Work task:
Your answer must be the listing repeated word for word, without its pictures.

Given records:
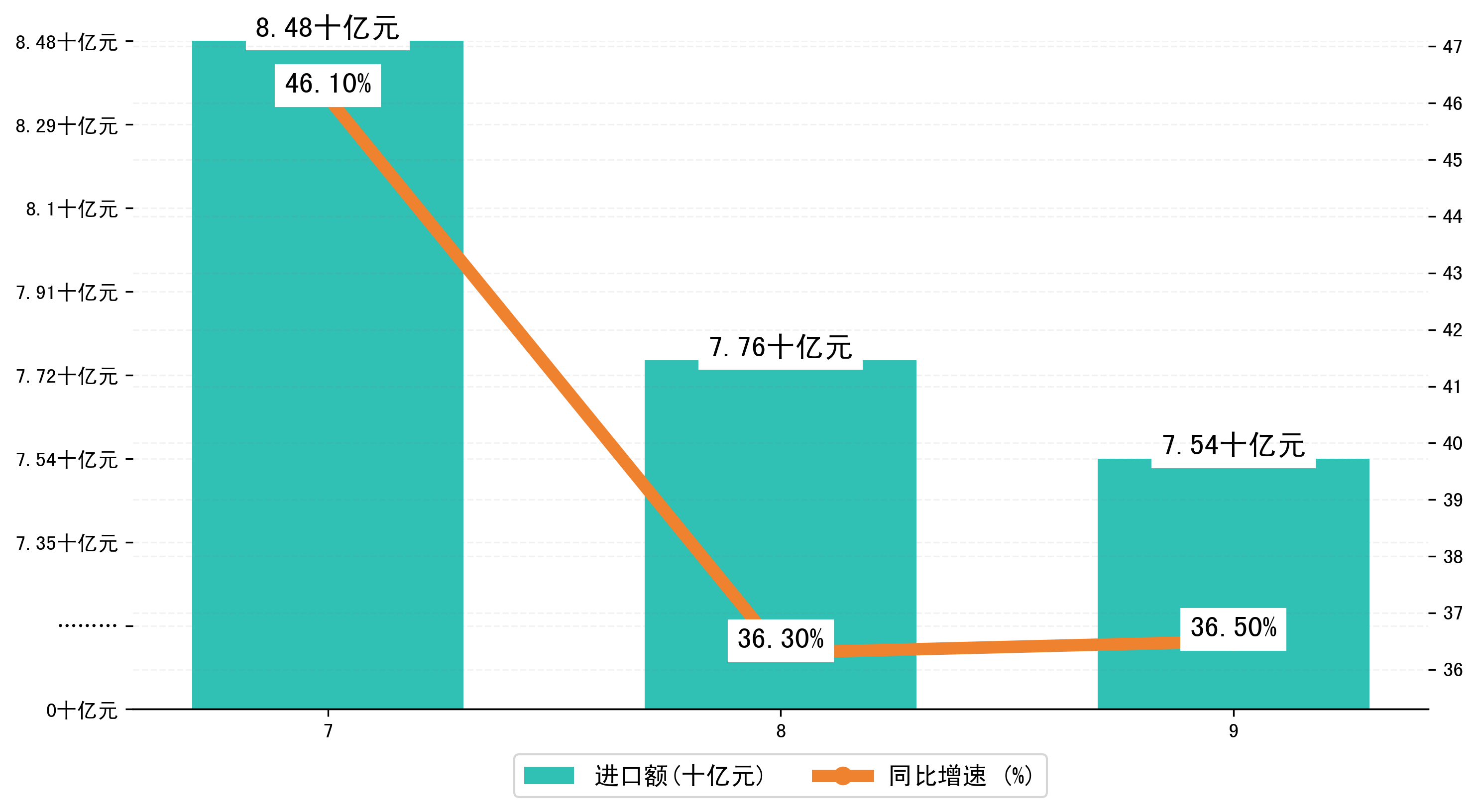 以人民币计,2025年9月济南市进口额为75,3686.6603万元,相比上月减少了2,2118.0403万元;相比上年同期增加了21,1236.5083万元,同比增加了36.50%。
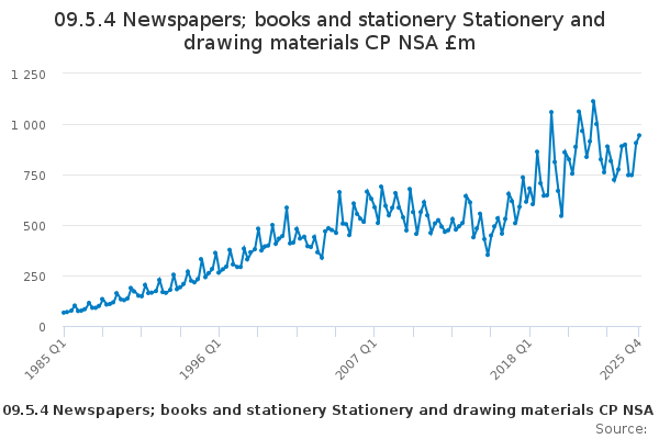 Download this time series09.5.4 Newspapers; books and stationery Stationery and drawing materials CP NSA £m
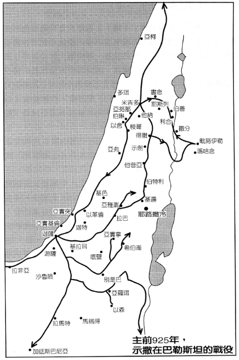 参:下面地图。这是罗波安治下惟一的一件被视为是神的刑罚,并导致暂时改革的政治事件(代下十二2~12)。示撒(Sheshonq I,Shishak)建立了埃及(Libyan)第 XXII 王朝(主前945~924),他在此年(主前925年)入侵巴勒斯坦之作战记录证据充足,刻在埃及底比斯(卡纳克)的亚孟之庙中269,其中所记载的地名有一百五十个,他的目的似乎是要重新掌握埃及对巴勒斯坦及南地主要商贸大道的控制。他带领一万二千二百辆战车及六十团(六万名)骑兵队横扫犹大地,搜刮劫掠,犹大王虽献上圣殿王宫里的宝物,却无法拯救耶路撒冷(26节,代下十二章)。埃及人犯境并在米吉多立碑之另一目的,可能是想要箝制耶罗波安。值得注意的是埃及人并未宣称掳掠耶路撒冷,一年之后示撒便去世了。有关这次战役的路线及罗波安在西南设下预防埃及再犯的防御(代下十一5~12),请下列地图270。这些防御工事也同时惠及后人。
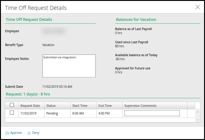 Select Expanded View to access the Time Off Requests list.Select the Submitted Date/Time link view the Time Off Request Details.View Employee Notes.Enter applicable Supervisor Comments.Enable the entry to approve and deny one or more requests.Select Deny to decline the request.Select Approve to place the TOR on the Time Card.Approved TORs display as approved hours on the employee Time Card unless the request shares a day with unapproved time.Editing the approved TOR hours on the employee Time Card causes the TOR Calendar to display a cancellation for the old request. A new approved request displays with the edited time.
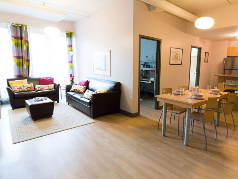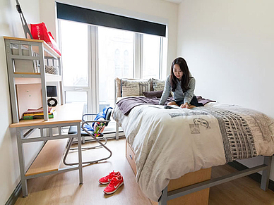 Gemeinsam mit 2-4 weiteren Teilnehmern in einem Apartments. Unterkunft im Einzelzimmer bei Selbstverpflegung. Küche, Wohnbereich und Badezimmer zur gemeinsamen Nutzung. Bettwäsche und Handtücher werden gestellt. Waschmöglichkeit vorhanden (Gebühr). WLAN inklusive. Im Apartmentgebäude gibt es weitere Gemeinschaftsbereiche, einen Fitnessraum, Games Room und ein Studierzimmer. Zur Schule ca. 15 Gehminuten. Buchbar ab 18 Jahren.
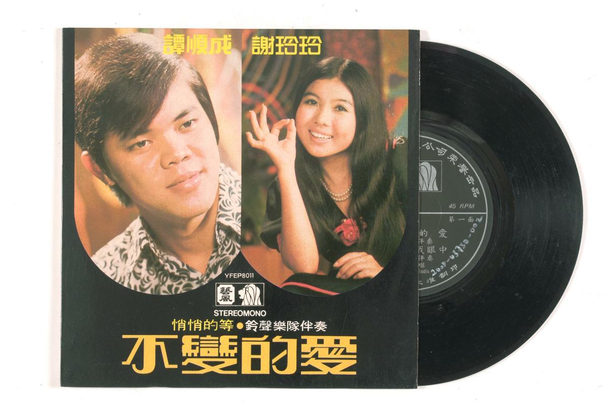 This Chinese vinyl record features songs by singer Tan Shun Cheng (谭顺成), with accompanying music by the band Ringtones (铃声乐队, Lingshengyuedui). The 45 rpm record was produced by the Hong Kong-based LIFE Records (香港丽风唱片有限公司, Xiangganglifengchangpianyouxiangongsi).
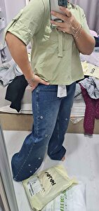 Geniş Paça Kot Pantolon Kuşgözü Detaylı Normal Bel Pamuklu - Wide Leg Jeans Geniş Paça Kot Pantolon Kuşgözü Detaylı Normal Bel Pamuklu - Wide Leg Jeans 5WAL40102MD 29/32

Answer for this exercise:
 以人民币计,2025年9月济南市进口额为75,3686.6603万元,相比上月减少了2,2118.0403万元;相比上年同期增加了21,1236.5083万元,同比增加了36.50%。
 Download this time series09.5.4 Newspapers; books and stationery Stationery and drawing materials CP NSA £m
 参:下面地图。这是罗波安治下惟一的一件被视为是神的刑罚,并导致暂时改革的政治事件(代下十二2~12)。示撒(Sheshonq I,Shishak)建立了埃及(Libyan)第 XXII 王朝(主前945~924),他在此年(主前925年)入侵巴勒斯坦之作战记录证据充足,刻在埃及底比斯(卡纳克)的亚孟之庙中269,其中所记载的地名有一百五十个,他的目的似乎是要重新掌握埃及对巴勒斯坦及南地主要商贸大道的控制。他带领一万二千二百辆战车及六十团(六万名)骑兵队横扫犹大地,搜刮劫掠,犹大王虽献上圣殿王宫里的宝物,却无法拯救耶路撒冷(26节,代下十二章)。埃及人犯境并在米吉多立碑之另一目的,可能是想要箝制耶罗波安。值得注意的是埃及人并未宣称掳掠耶路撒冷,一年之后示撒便去世了。有关这次战役的路线及罗波安在西南设下预防埃及再犯的防御(代下十一5~12),请下列地图270。这些防御工事也同时惠及后人。
 Select Expanded View to access the Time Off Requests list.Select the Submitted Date/Time link view the Time Off Request Details.View Employee Notes.Enter applicable Supervisor Comments.Enable the entry to approve and deny one or more requests.Select Deny to decline the request.Select Approve to place the TOR on the Time Card.Approved TORs display as approved hours on the employee Time Card unless the request shares a day with unapproved time.Editing the approved TOR hours on the employee Time Card causes the TOR Calendar to display a cancellation for the old request. A new approved request displays with the edited time.
 Gemeinsam mit 2-4 weiteren Teilnehmern in einem Apartments. Unterkunft im Einzelzimmer bei Selbstverpflegung. Küche, Wohnbereich und Badezimmer zur gemeinsamen Nutzung. Bettwäsche und Handtücher werden gestellt. Waschmöglichkeit vorhanden (Gebühr). WLAN inklusive. Im Apartmentgebäude gibt es weitere Gemeinschaftsbereiche, einen Fitnessraum, Games Room und ein Studierzimmer. Zur Schule ca. 15 Gehminuten. Buchbar ab 18 Jahren.
 This Chinese vinyl record features songs by singer Tan Shun Cheng (谭顺成), with accompanying music by the band Ringtones (铃声乐队, Lingshengyuedui). The 45 rpm record was produced by the Hong Kong-based LIFE Records (香港丽风唱片有限公司, Xiangganglifengchangpianyouxiangongsi).
 Geniş Paça Kot Pantolon Kuşgözü Detaylı Normal Bel Pamuklu - Wide Leg Jeans Geniş Paça Kot Pantolon Kuşgözü Detaylı Normal Bel Pamuklu - Wide Leg Jeans 5WAL40102MD 29/32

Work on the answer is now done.